The patent CN104593058A discloses a coal tar hydrogenation catalyst and a preparation method thereof, wherein part of pseudo-boehmite is roasted at 800-1200 ℃, and the obtained powder is mixed with the non-roasted pseudo-boehmite and then mixed with an active metal component to prepare the hydrogenation pretreatment catalyst. The invention changes the structural property of partial carrier alumina powder through high-temperature roasting, so that the catalyst has larger pore volume, larger specific surface area and proper amount of macroporous structure. When the catalyst is used for coal tar hydrogenation pretreatment, the catalyst shows higher activity and stability. However, the excessive calcination results in a large loss of the whole acidic center of the carrier, which is not favorable for the hydrodenitrogenation of the catalyst.

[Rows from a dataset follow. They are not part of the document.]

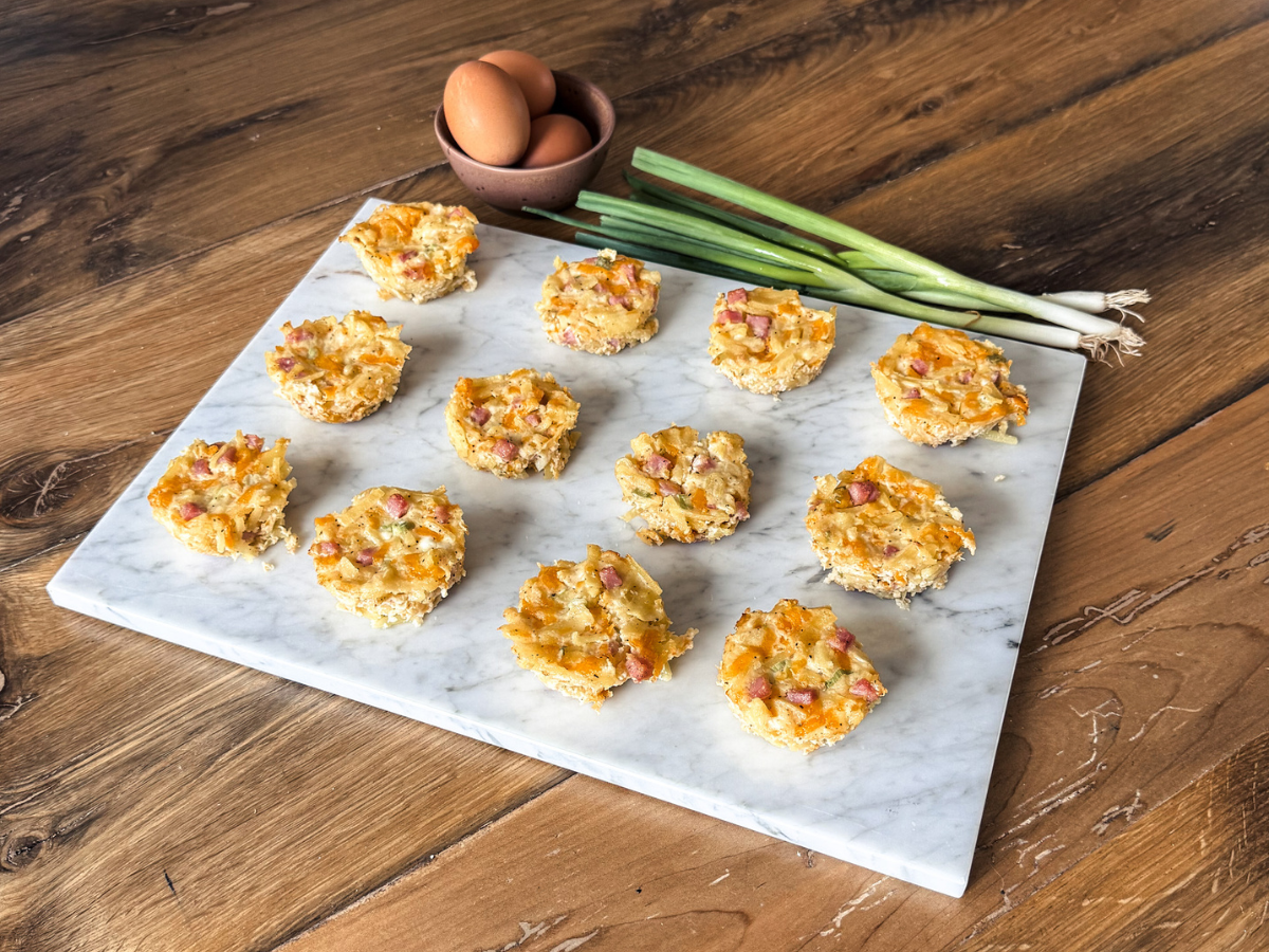 12 breakfast cups on a marble backdrop on a wood surface. Eggs and green onions to the top left.
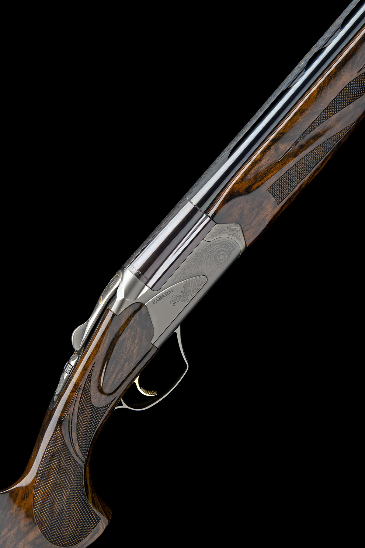 28in. nitro barrels with 6mm ventilated matt top-rib with high visibility bead fore-sight, 3in. chambers, multichokes (with spares), hold-open toplever, manual safety with integral barrel selector switch, gold-washed trigger, stylised scroll engraving, the triggerplate signed 'inc. Bresciani', satin gunmetal finish, 14 5/8in. figured pistolgrip stock including rubber buttpad, weight 6lb. 7oz., in its universal case
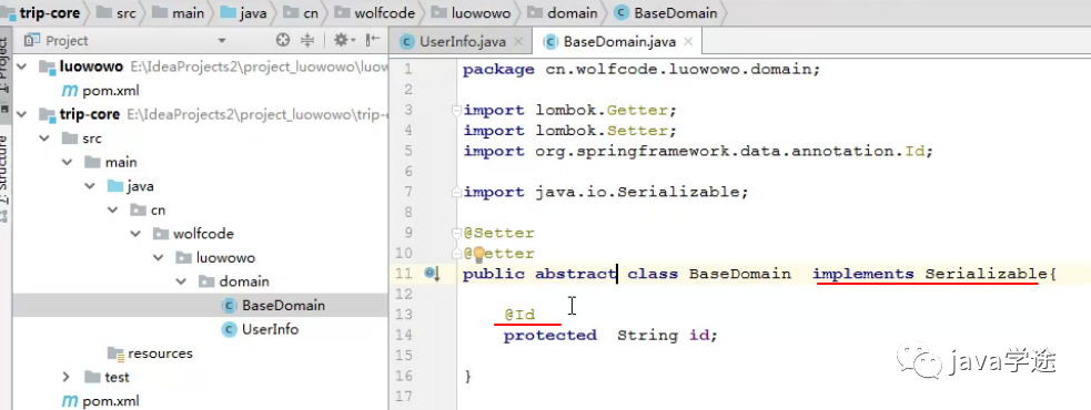 注意实现序列化接口;
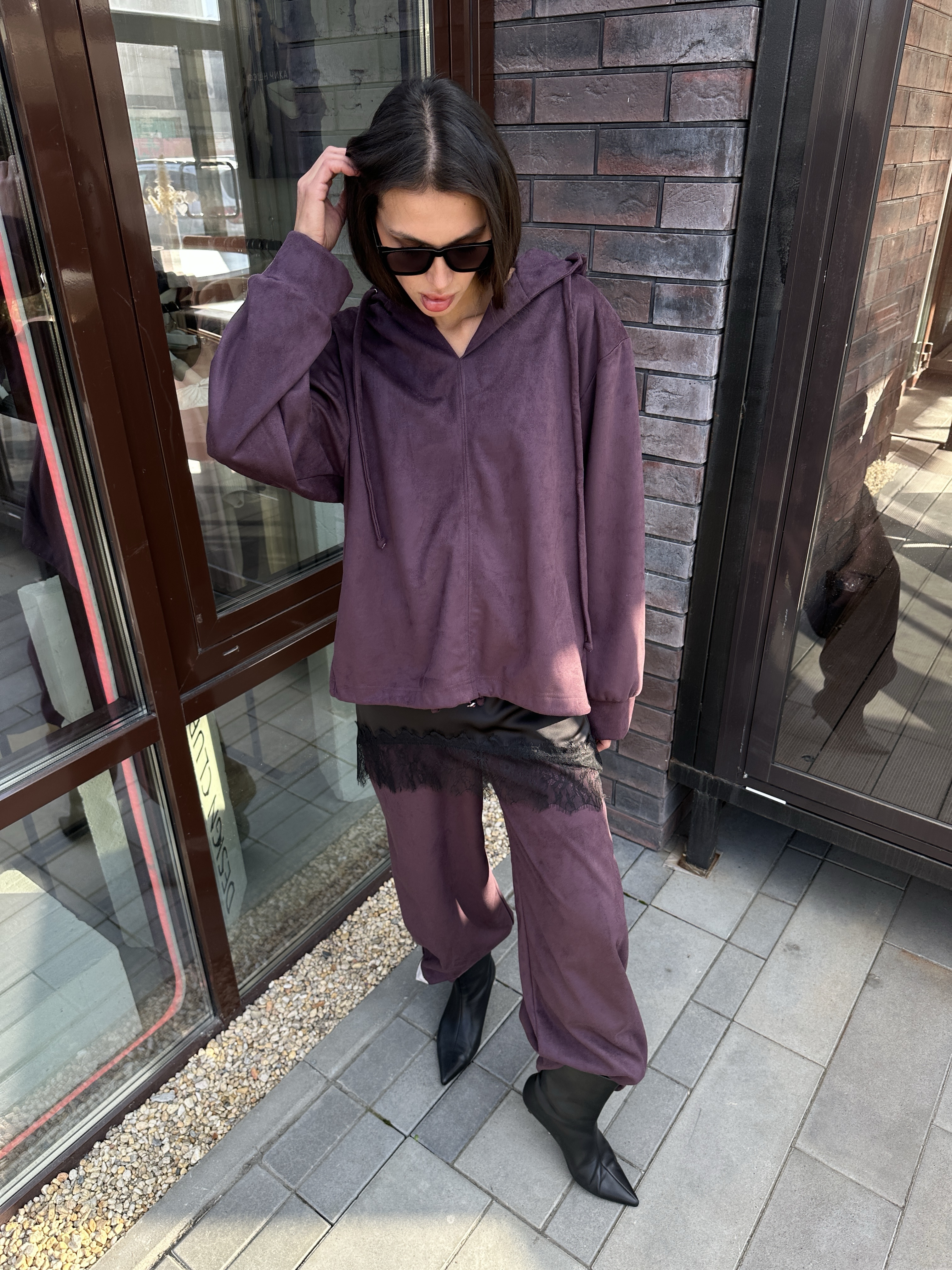 Анорак оверсайз-силуэта из эко-замши с внутренней стороной из вискозы. Внизу изделия функциональная кулиска, которая позволяет регулировать длину. На спине фирменная нашивка из хлопка. На капюшоне длинный шнурок из основной ткани.

Patent CN101069853A discloses an alumina carrier containing magnesium and phosphorus and a preparation method thereof. The carrier with low acidity, large pore volume and high specific surface area is prepared by adding three elements of magnesium, phosphorus and potassium in the synthesis process of the aluminum oxide. The carrier is suitable for the hydrogenation pretreatment process of hydrocarbons with the characteristics of high aromatic hydrocarbon content, high nitrogen content, high oxygen content and the like. The addition of the auxiliary agent in the preparation process is not favorable for the complete distribution of the auxiliary agent on the surface of the pore channel, and the relative utilization rate is low.
Patent CN1464031A discloses a coal tar hydro-upgrading catalyst, wherein the catalyst carrier contains 1-40 w% of titanium dioxide besides alumina. The pore volume and specific surface area of titanium dioxide are small, and the large amount of the component introduced into the carrier causes the performance of the pore structure of the catalyst to be reduced, so that the catalyst is not suitable for treating the coal tar component containing macromolecular aromatic hydrocarbon, colloid and asphaltene. With the addition of titanium, the surface acidity of the catalyst is enhanced, the coking phenomenon is more obvious, and the operation period of the catalyst is shortened.
Disclosure of Invention
Aiming at the defects in the prior art, the invention provides a hydrogenation pretreatment catalyst, a preparation method and application thereof, wherein the catalyst has the advantages of proper pore size, centralized distribution, excellent stability and strong raw material adaptability, and can be used for the hydrogenation pretreatment process of hydrocarbons with high oxygen content, high nitrogen content, high aromatic hydrocarbon content and the like.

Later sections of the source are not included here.